#### Task:
All the lines below need retyping exactly, apart from the images.

#### Data:
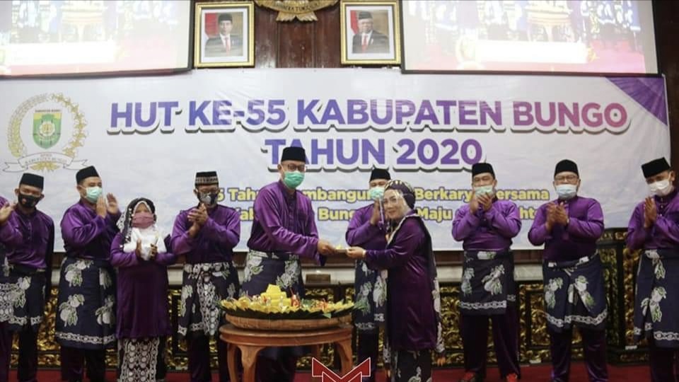 ”Acara syukuran ini kita laksanakan secara sederhana, mengingat pandemi Covid-19 yang masih mewabah, Namun demikian kesederhanaan tidak mengurangi arti penting dari HUT ke-55 Kabupaten Bungo, Semoga wabah ini cepat berlalu,” Ungkap Akhmad Bestari.
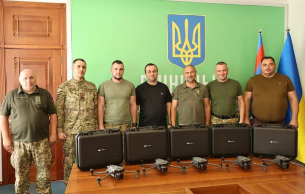 Потужні квадрокоптери DJI Mavic 3 Enterprise для 170 батальйону 120 бригади ТрО ЗСУ. Начальник Вінницької ОВА Сергій Борзов передав бойових “пташок” керівнику служби безпілотних систем Юрі Басюку.
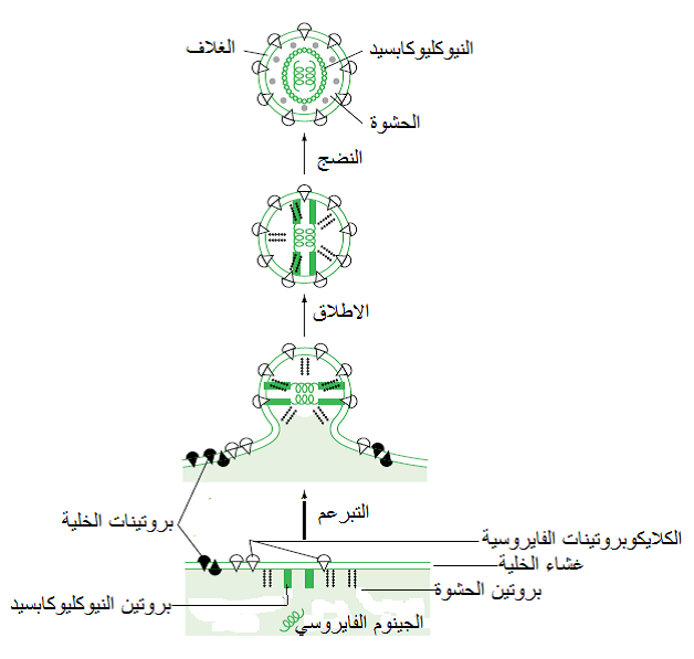 الشكل (7): آلية التبرعم Budding التي تفسر تغليف الفايروسات المغلفة بالغلاف الليبيدي المزدوج ذو المنشأ الخلوي خلال عبورها أغشية خلايا العائل.
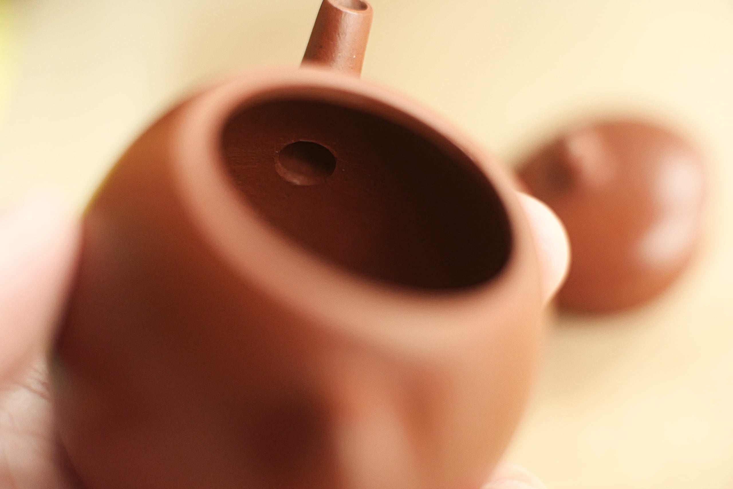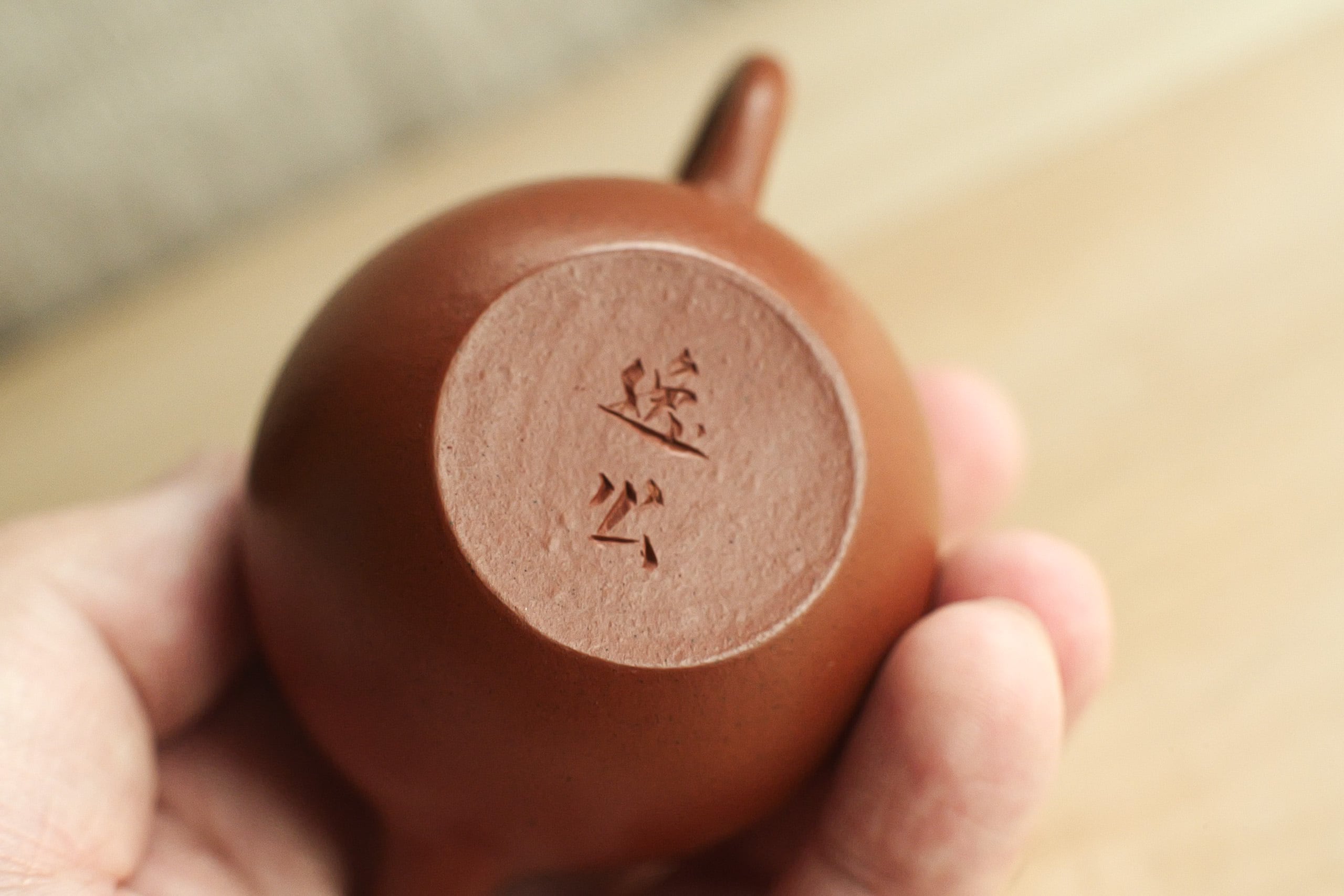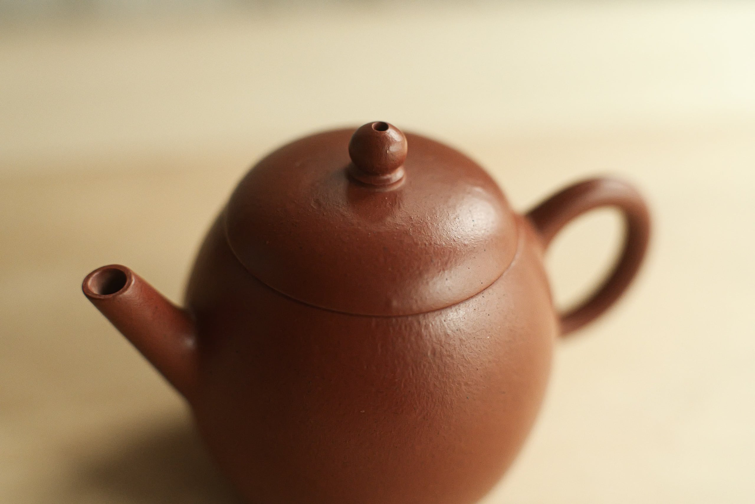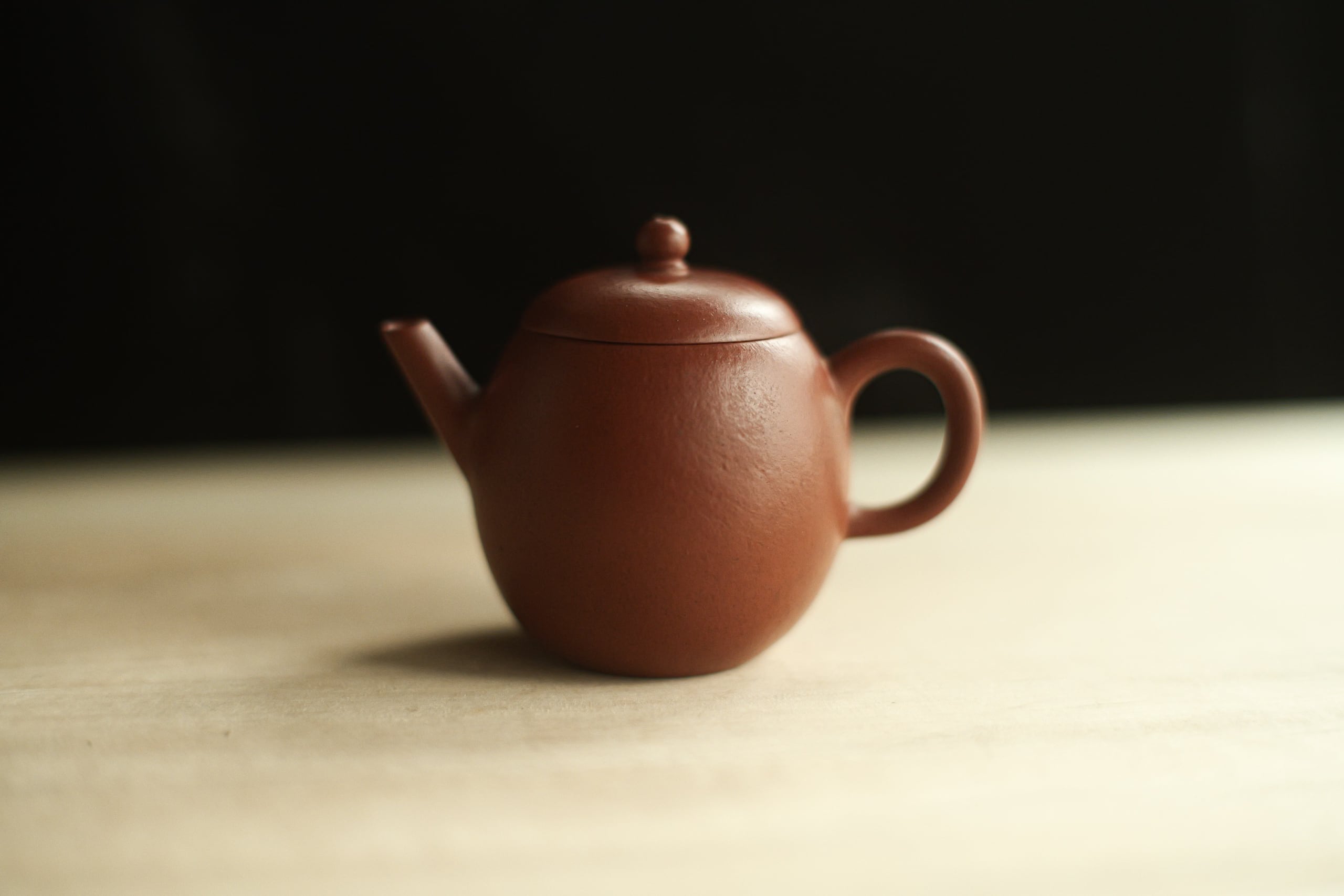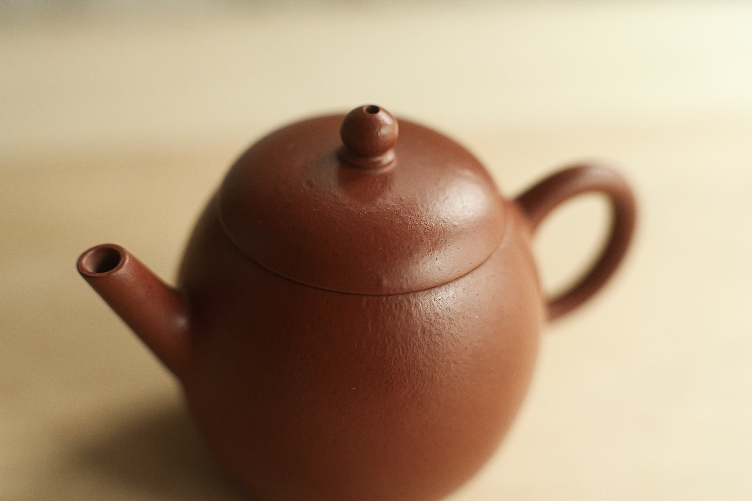 グレードの高い朱泥で作られたものと思う。 作りも古の風味をしながら繊細。 形は、やや卵に似るので、よく「龍蛋」と呼ばれそうで、 でも上がそんなに絞ってないので、 甕形にも見える。

#### Task result:
 ”Acara syukuran ini kita laksanakan secara sederhana, mengingat pandemi Covid-19 yang masih mewabah, Namun demikian kesederhanaan tidak mengurangi arti penting dari HUT ke-55 Kabupaten Bungo, Semoga wabah ini cepat berlalu,” Ungkap Akhmad Bestari.
 Потужні квадрокоптери DJI Mavic 3 Enterprise для 170 батальйону 120 бригади ТрО ЗСУ. Начальник Вінницької ОВА Сергій Борзов передав бойових “пташок” керівнику служби безпілотних систем Юрі Басюку.
 الشكل (7): آلية التبرعم Budding التي تفسر تغليف الفايروسات المغلفة بالغلاف الليبيدي المزدوج ذو المنشأ الخلوي خلال عبورها أغشية خلايا العائل.
 グレードの高い朱泥で作られたものと思う。 作りも古の風味をしながら繊細。 形は、やや卵に似るので、よく「龍蛋」と呼ばれそうで、 でも上がそんなに絞ってないので、 甕形にも見える。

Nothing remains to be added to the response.